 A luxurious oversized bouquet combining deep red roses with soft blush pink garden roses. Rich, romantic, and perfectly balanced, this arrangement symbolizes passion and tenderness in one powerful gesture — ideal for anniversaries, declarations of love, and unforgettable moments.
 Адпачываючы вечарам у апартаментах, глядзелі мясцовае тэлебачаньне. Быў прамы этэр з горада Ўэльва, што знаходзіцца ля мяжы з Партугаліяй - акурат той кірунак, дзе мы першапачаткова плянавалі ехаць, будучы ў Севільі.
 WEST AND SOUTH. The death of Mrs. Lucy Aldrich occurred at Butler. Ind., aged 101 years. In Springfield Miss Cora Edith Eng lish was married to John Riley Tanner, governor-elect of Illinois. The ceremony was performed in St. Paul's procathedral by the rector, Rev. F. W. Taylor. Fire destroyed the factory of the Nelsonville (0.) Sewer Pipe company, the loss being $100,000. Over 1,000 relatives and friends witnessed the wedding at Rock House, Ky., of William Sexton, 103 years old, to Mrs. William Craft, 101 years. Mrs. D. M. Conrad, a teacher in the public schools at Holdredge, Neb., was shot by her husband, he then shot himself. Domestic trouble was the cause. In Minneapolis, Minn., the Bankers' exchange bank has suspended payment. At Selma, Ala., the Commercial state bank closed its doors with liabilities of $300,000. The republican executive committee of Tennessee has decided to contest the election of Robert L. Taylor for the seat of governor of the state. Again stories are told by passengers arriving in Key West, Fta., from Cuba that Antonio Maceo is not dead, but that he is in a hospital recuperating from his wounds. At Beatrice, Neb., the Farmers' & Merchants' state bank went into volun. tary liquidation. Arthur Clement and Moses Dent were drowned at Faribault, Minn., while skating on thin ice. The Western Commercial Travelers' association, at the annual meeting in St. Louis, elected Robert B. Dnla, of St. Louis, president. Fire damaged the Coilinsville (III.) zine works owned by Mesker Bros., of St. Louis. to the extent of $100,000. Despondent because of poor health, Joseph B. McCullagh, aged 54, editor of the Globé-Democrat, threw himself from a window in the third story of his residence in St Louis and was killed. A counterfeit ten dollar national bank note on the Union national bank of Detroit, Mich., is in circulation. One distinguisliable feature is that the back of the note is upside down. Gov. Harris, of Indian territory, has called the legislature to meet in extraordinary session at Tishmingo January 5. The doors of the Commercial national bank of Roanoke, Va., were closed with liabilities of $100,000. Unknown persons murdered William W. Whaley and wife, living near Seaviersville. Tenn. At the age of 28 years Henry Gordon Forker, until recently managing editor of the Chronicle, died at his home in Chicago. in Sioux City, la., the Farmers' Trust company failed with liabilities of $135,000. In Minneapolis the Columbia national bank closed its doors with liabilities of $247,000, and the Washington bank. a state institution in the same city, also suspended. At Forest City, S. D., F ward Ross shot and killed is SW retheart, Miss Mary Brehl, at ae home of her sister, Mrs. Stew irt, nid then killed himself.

(What you are asked to do) Exact reproduction of the lines from the top of the material through the line where "Адпачываючы вечарам у" appears is required, both boundary lines included, with no other output.

(Answer)
 A luxurious oversized bouquet combining deep red roses with soft blush pink garden roses. Rich, romantic, and perfectly balanced, this arrangement symbolizes passion and tenderness in one powerful gesture — ideal for anniversaries, declarations of love, and unforgettable moments.
 Адпачываючы вечарам у апартаментах, глядзелі мясцовае тэлебачаньне. Быў прамы этэр з горада Ўэльва, што знаходзіцца ля мяжы з Партугаліяй - акурат той кірунак, дзе мы першапачаткова плянавалі ехаць, будучы ў Севільі.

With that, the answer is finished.